▶ **Task objective**
All lines from the one containing "After running for" through the last line of the listing below are to be copied exactly. Exclude the pictures.
(Data below begins)
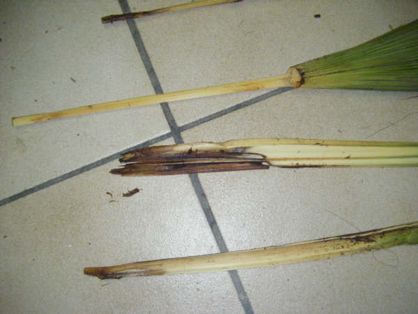 De bladeren die ik uit de speer trok, roken rot aan het gedeelte die uit de stam kwam ook.
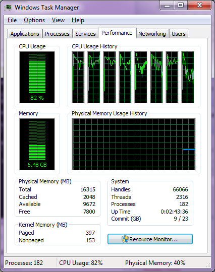 After running for +- 50 minutes, the system ran out of memory (dispite the machine having over 8gb of free memory!)
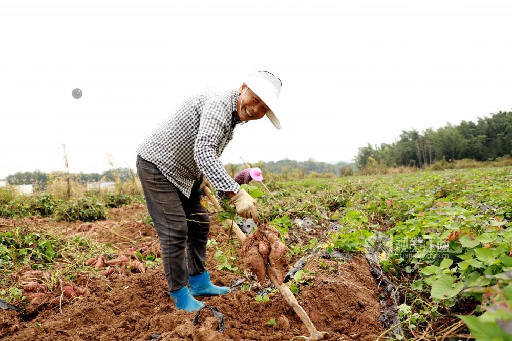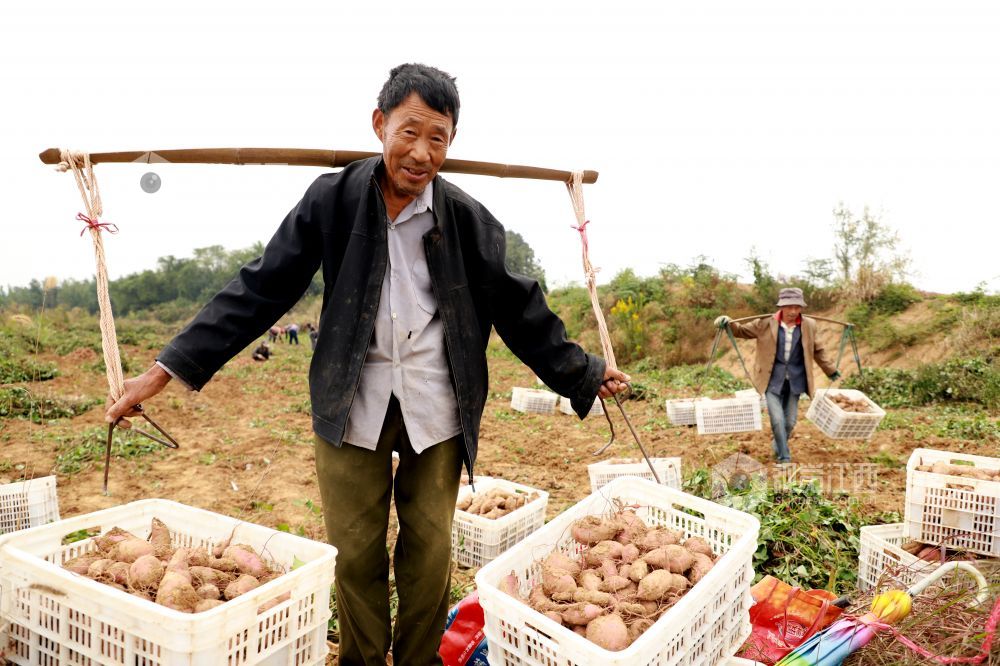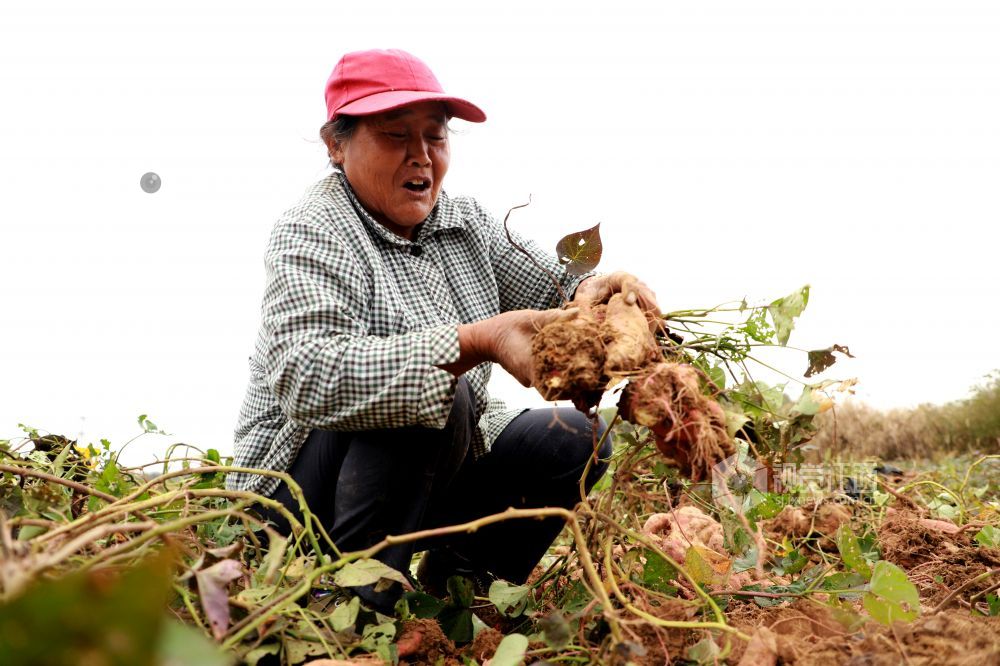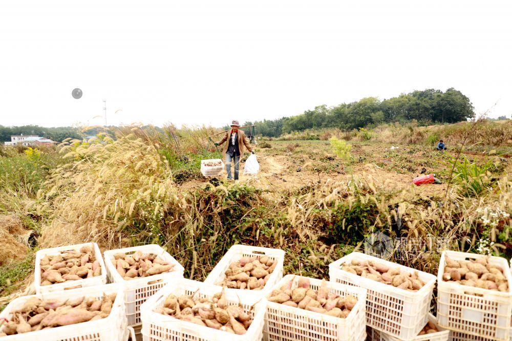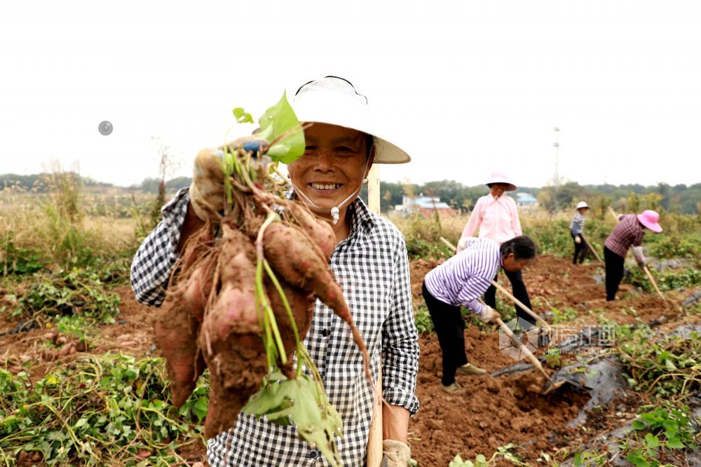 10月14日,在江西省九江市湖口县舜德乡石岭村小甘薯种植基地,村民正在采收第二茬小甘薯,田间地头一片繁忙。
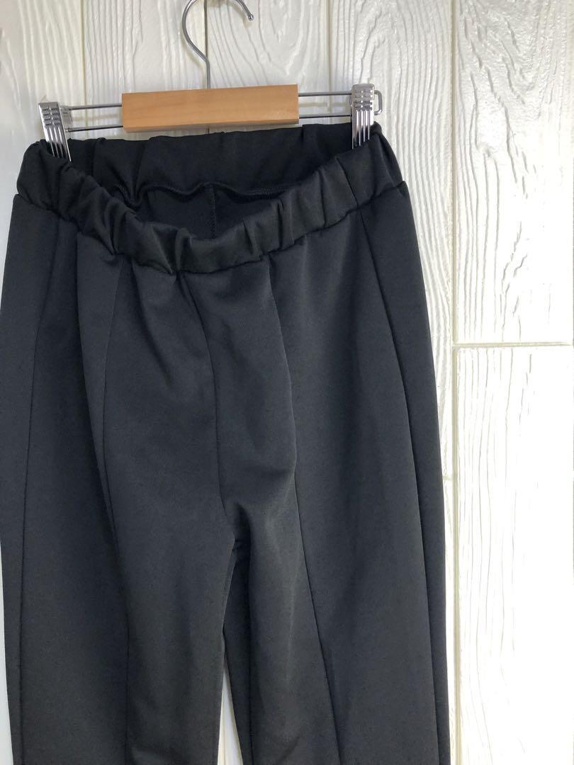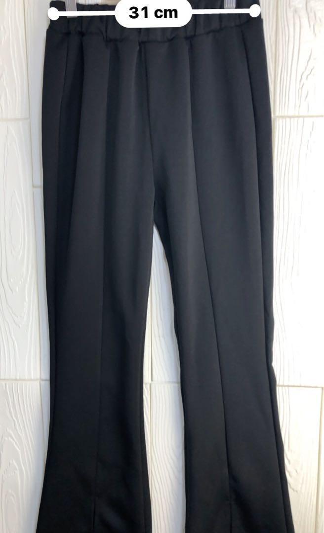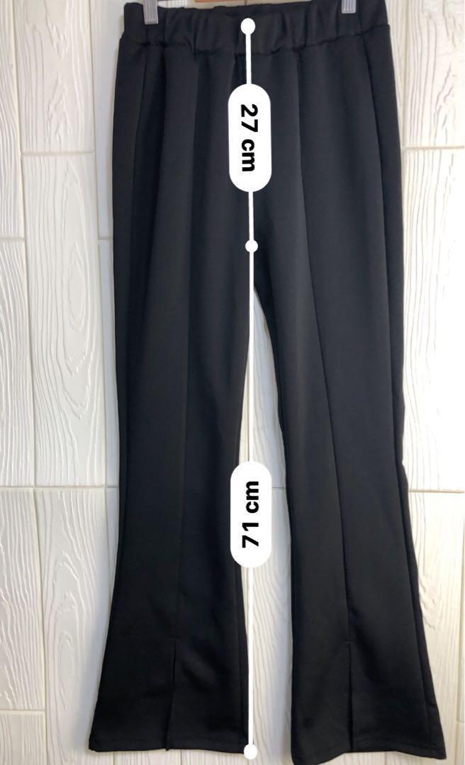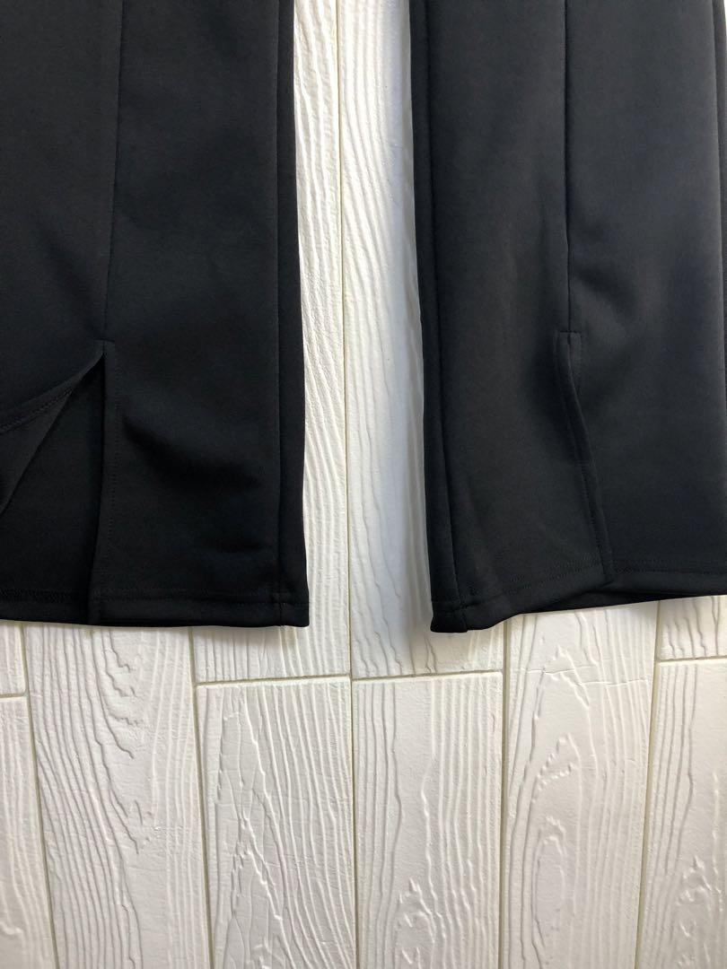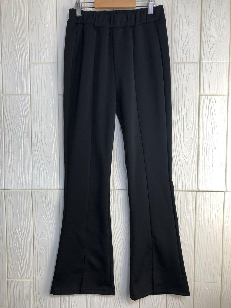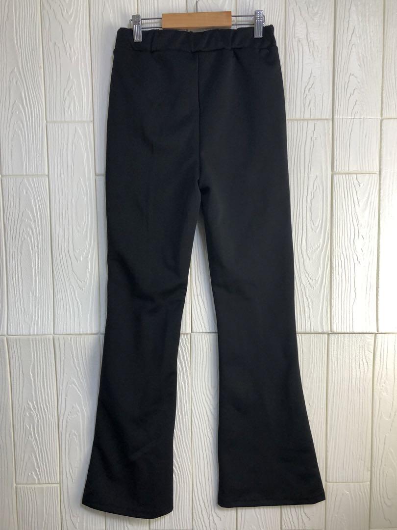 シンプルなブラックパンツ、フレアデザインでスタイリッシュ。
(Data below ends)
▶ **Exercise solution**
 After running for +- 50 minutes, the system ran out of memory (dispite the machine having over 8gb of free memory!)
 10月14日,在江西省九江市湖口县舜德乡石岭村小甘薯种植基地,村民正在采收第二茬小甘薯,田间地头一片繁忙。
 シンプルなブラックパンツ、フレアデザインでスタイリッシュ。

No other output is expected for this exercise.